Géopolitique : et si Donald Trump préfigurait le monde de demain ?


« Chaque fois que nous devrons choisir entre l’Europe et le grand large, nous choisirons le grand large. »
Qu’il soit apocryphe ou pas, cet avertissement fameux de Winston Churchill adressé au général de Gaulle a le mérite de la franchise. L’Angleterre est l’empire des mers et la France le royaume des terres. Rien de bien nouveau depuis que le monde est monde.

Mais ce qu’un Jacques Bainville, le maître en géopolitique de l’Action française, ou son homologue allemand, Carl Schmitt, n’auraient pu prévoir, c’était bel et bien l’élection d’un Donald Trump à la tête de la première puissance maritime mondiale, puissance par nature hégémonique donc. Président qui, par nature aussi, demeure de plus en plus imprévisible.

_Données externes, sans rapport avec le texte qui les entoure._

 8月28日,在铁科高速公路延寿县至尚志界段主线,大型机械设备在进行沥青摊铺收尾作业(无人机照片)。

Ainsi, en voyage à Londres, notre homme vient-il de mettre à bas cet édifice historique liant l’Angleterre à ses anciennes colonies. De quoi s’agit-il ? Simplement du traité de libre-échange que Theresa May, Premier ministre anglais, entend conclure avec l’Europe. Lequel consisterait à en faire encore partie tout en la quittant ; le « Brexit doux », assure-t-on outre-Manche. Et Donald Trump d’asséner : « S’ils font un tel accord, nous traiterons avec l’Union européenne au lieu de traiter avec le Royaume-Uni. » Mieux, il affirme ensuite vouloir rencontrer son « ami » Boris Johnson, populiste lui aussi de l’espèce énervée et partisan d’un « Brexit dur ».

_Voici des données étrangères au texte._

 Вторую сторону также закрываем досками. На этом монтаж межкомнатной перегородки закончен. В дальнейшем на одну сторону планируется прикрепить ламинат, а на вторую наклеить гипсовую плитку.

Quand on est poli, on peut définir de tels propos de « camouflet ». Quand on persiste à parler français, cela s’apparenterait plutôt à une « claque en pleine face ». Jean-Yves Le Drian, notre ministre des Affaires étrangères ne s’y trompe d’ailleurs pas, lorsqu’il note : « Trump est cohérent. Pour lui, seul le rapport de force paye. » Propos qui n’étonneront personne, sachant qu’au Quai d’Orsay, Jean-Yves Le Drian participe plus de la tradition gaullo-mitterrandienne que de celle de ces atlantistes y ayant fait leur pelote sous le mandat sarkozyste. Ce qui signifie qu’au-delà des gémissements de vierges effarouchées de la majorité de nos médias, notre ministre parle finalement et peu ou prou le même langage que le locataire de la Maison blanche.

En effet, Donald Trump respecte ce qui est respectable. À savoir ceux qui ont la force de lui tenir tête. Emmanuel Macron a tenté l’exercice, mais la vigueur de sa poignée de main n’a pas suffi. « La France, combien de divisions ? », a dû penser l’ancien magnat de l’immobilier. Angela Merkel et Theresa May, toutes les deux fragilisées par la montée en « force » du populisme de plus en plus vigoureux en Europe ? Des paillassons à peine digne de s’y essuyer les pieds.

Même dans les cercles du pourvoir iranien, on se dit que, finalement, l’homme aux cheveux de feu ne présente pas que des inconvénients, étant à l’évidence moins hypocrite que ses prédécesseurs. D’ailleurs, pourquoi ne pas négocier en direct avec lui ? Ce qu’a accompli Pyongyang, Téhéran pourrait bien le faire aussi…

Si l’on résume, le règne du foutraque de Washington inaugure plus qu’une nouvelle ère des relations diplomatiques, puisque il nous ramène à la réalité d’hier, fermant ainsi la parenthèse des utopies mondialistes et humanistes, jadis théorisées par un de ses défunts confrères, Thomas Woodrow Wilson, qui voyait dans les USA une nation au-dessus des autres, alors qu’elle n’est qu’un pays parmi d’autres.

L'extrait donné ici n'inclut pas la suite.